What the task asks
When you reach the line containing "长为10, 7, 5, 3的四根木条,选其中三根首尾顺次相连接组成三角形,选法有( )", begin reproducing the material exactly, stop after the line containing "De esta forma, Carmen", and leave out any pictures along the way.

---------- The records

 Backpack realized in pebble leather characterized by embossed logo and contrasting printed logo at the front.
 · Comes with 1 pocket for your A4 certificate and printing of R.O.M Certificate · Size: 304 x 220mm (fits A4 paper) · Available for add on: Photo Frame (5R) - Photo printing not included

--------------------
---------- The records

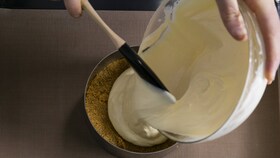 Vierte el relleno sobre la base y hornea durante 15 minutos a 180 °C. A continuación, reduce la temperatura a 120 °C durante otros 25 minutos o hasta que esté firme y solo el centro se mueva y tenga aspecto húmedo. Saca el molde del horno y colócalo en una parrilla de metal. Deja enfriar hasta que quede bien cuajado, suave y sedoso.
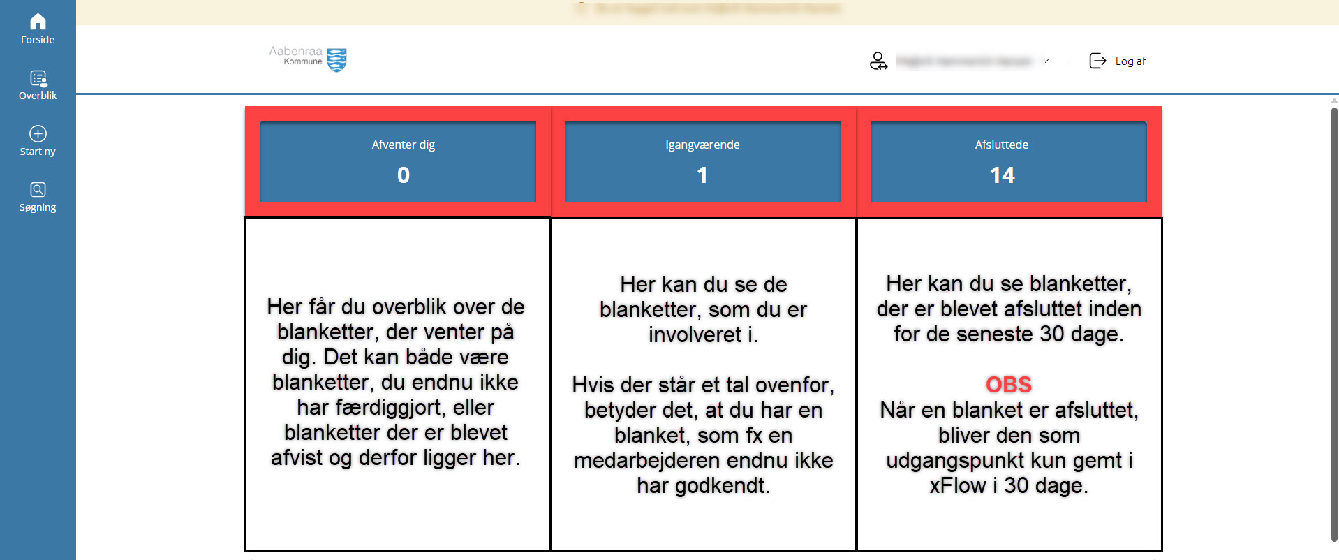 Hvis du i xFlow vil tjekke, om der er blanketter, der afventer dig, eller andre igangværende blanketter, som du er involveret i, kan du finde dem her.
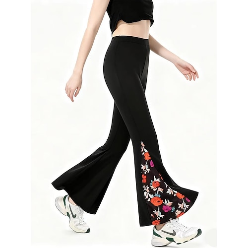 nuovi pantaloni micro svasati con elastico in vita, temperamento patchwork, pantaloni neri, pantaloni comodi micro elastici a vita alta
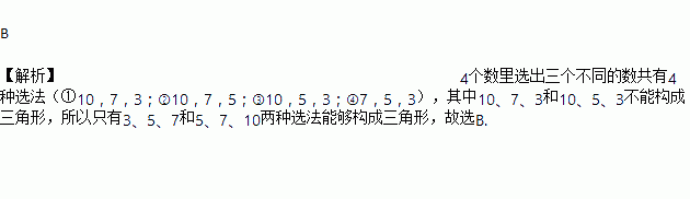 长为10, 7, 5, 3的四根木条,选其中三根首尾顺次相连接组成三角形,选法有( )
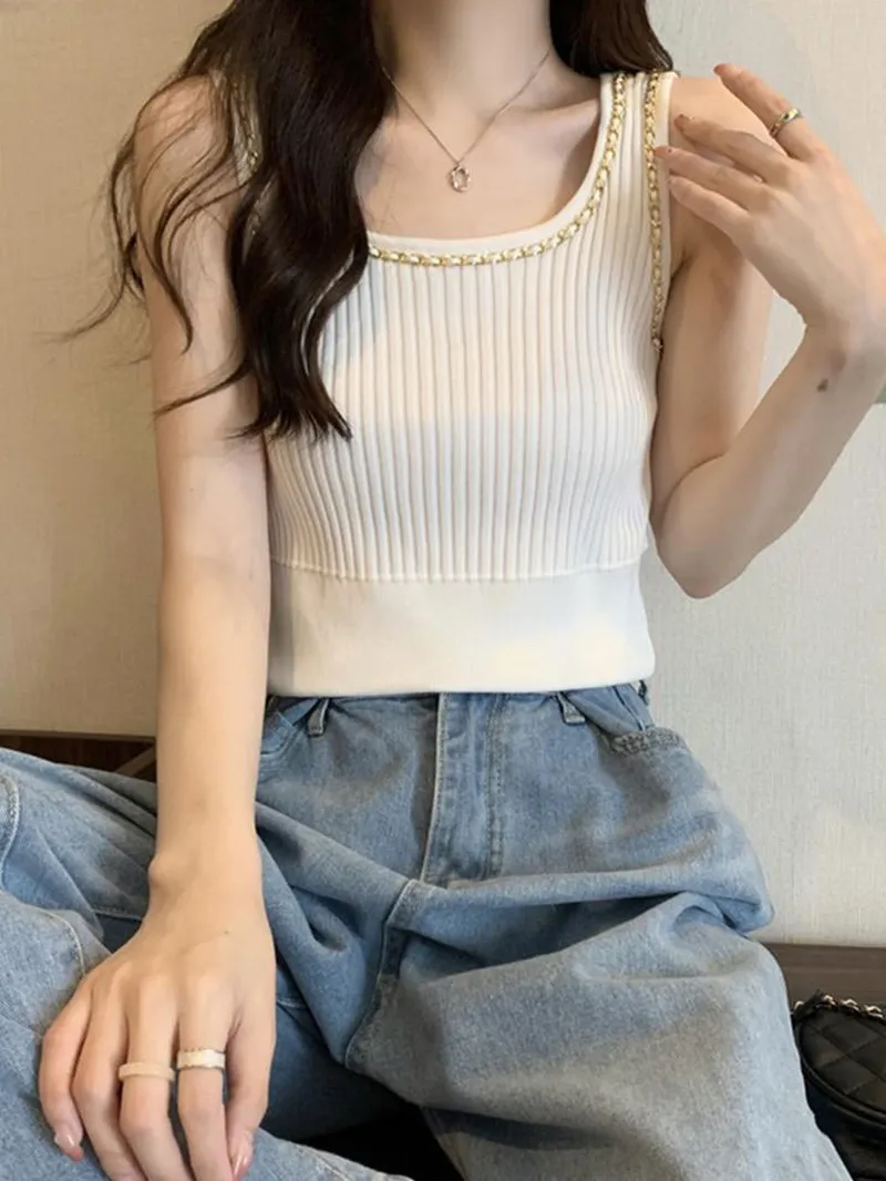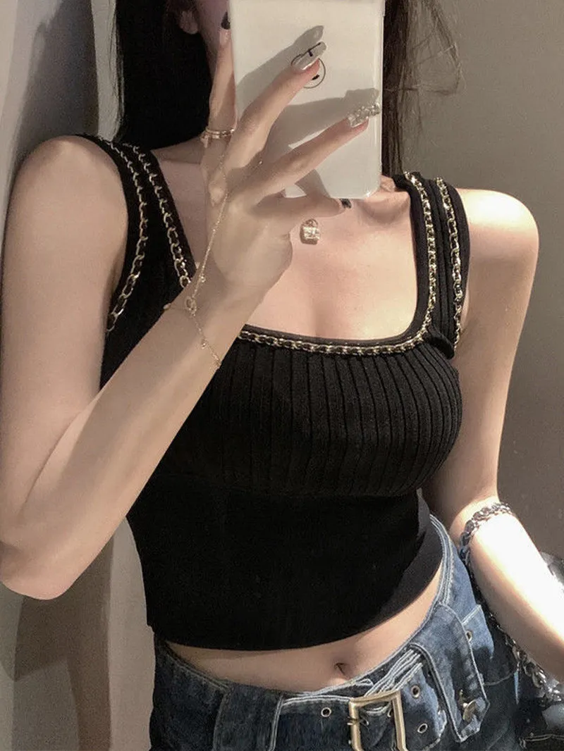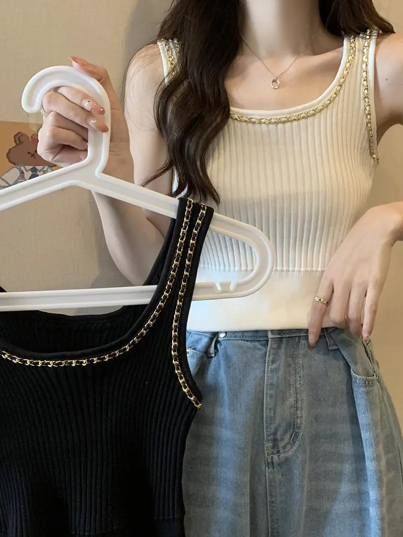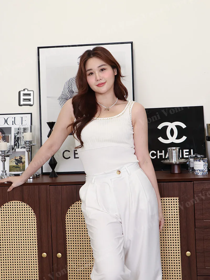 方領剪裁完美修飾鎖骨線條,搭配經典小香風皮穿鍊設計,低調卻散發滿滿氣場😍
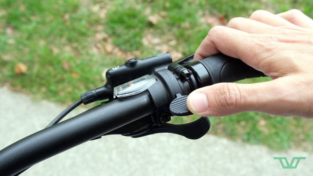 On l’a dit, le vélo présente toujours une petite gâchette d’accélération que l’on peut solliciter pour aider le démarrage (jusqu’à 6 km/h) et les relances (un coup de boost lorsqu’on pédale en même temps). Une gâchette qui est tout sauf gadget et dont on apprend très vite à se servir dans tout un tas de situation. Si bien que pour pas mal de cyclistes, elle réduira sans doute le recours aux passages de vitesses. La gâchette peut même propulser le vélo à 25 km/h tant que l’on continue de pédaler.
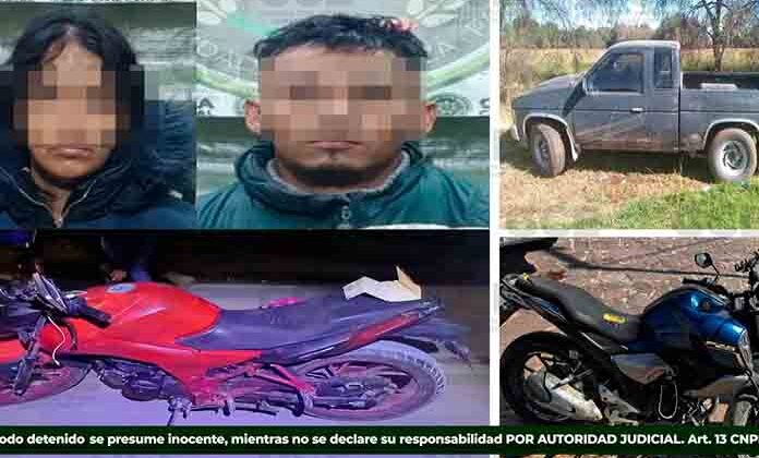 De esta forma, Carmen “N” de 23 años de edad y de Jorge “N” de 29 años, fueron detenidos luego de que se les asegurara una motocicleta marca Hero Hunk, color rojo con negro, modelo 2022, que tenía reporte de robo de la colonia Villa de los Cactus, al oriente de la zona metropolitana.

--------------------

Worked solution
 长为10, 7, 5, 3的四根木条,选其中三根首尾顺次相连接组成三角形,选法有( )
 方領剪裁完美修飾鎖骨線條,搭配經典小香風皮穿鍊設計,低調卻散發滿滿氣場😍
 On l’a dit, le vélo présente toujours une petite gâchette d’accélération que l’on peut solliciter pour aider le démarrage (jusqu’à 6 km/h) et les relances (un coup de boost lorsqu’on pédale en même temps). Une gâchette qui est tout sauf gadget et dont on apprend très vite à se servir dans tout un tas de situation. Si bien que pour pas mal de cyclistes, elle réduira sans doute le recours aux passages de vitesses. La gâchette peut même propulser le vélo à 25 km/h tant que l’on continue de pédaler.
 De esta forma, Carmen “N” de 23 años de edad y de Jorge “N” de 29 años, fueron detenidos luego de que se les asegurara una motocicleta marca Hero Hunk, color rojo con negro, modelo 2022, que tenía reporte de robo de la colonia Villa de los Cactus, al oriente de la zona metropolitana.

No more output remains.